Your task >> Nothing should be left out when you copy the entries below.

Data records >>

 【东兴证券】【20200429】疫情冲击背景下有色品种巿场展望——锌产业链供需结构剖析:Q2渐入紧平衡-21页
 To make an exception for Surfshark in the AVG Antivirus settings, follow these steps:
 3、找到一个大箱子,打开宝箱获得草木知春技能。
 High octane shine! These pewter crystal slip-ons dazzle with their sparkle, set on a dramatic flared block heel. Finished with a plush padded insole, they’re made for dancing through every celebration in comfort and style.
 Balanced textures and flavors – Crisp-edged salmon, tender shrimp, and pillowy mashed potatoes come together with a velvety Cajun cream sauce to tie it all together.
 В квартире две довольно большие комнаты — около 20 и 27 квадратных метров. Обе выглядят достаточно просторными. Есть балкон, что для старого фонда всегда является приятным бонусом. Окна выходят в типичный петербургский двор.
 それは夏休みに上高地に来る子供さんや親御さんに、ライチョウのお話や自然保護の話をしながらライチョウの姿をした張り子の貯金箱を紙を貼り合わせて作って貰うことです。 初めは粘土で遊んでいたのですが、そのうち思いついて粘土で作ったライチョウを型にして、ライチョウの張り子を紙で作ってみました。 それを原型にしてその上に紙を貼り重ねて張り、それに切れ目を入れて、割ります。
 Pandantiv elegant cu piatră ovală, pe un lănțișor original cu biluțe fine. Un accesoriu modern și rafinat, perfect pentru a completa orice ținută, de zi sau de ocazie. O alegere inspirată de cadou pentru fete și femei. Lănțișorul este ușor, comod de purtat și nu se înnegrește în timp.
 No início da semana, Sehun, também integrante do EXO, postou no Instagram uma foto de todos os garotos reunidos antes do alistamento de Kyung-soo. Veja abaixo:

Task answer >>
 【东兴证券】【20200429】疫情冲击背景下有色品种巿场展望——锌产业链供需结构剖析:Q2渐入紧平衡-21页
 To make an exception for Surfshark in the AVG Antivirus settings, follow these steps:
 3、找到一个大箱子,打开宝箱获得草木知春技能。
 High octane shine! These pewter crystal slip-ons dazzle with their sparkle, set on a dramatic flared block heel. Finished with a plush padded insole, they’re made for dancing through every celebration in comfort and style.
 Balanced textures and flavors – Crisp-edged salmon, tender shrimp, and pillowy mashed potatoes come together with a velvety Cajun cream sauce to tie it all together.
 В квартире две довольно большие комнаты — около 20 и 27 квадратных метров. Обе выглядят достаточно просторными. Есть балкон, что для старого фонда всегда является приятным бонусом. Окна выходят в типичный петербургский двор.
 それは夏休みに上高地に来る子供さんや親御さんに、ライチョウのお話や自然保護の話をしながらライチョウの姿をした張り子の貯金箱を紙を貼り合わせて作って貰うことです。 初めは粘土で遊んでいたのですが、そのうち思いついて粘土で作ったライチョウを型にして、ライチョウの張り子を紙で作ってみました。 それを原型にしてその上に紙を貼り重ねて張り、それに切れ目を入れて、割ります。
 Pandantiv elegant cu piatră ovală, pe un lănțișor original cu biluțe fine. Un accesoriu modern și rafinat, perfect pentru a completa orice ținută, de zi sau de ocazie. O alegere inspirată de cadou pentru fete și femei. Lănțișorul este ușor, comod de purtat și nu se înnegrește în timp.
 No início da semana, Sehun, também integrante do EXO, postou no Instagram uma foto de todos os garotos reunidos antes do alistamento de Kyung-soo. Veja abaixo:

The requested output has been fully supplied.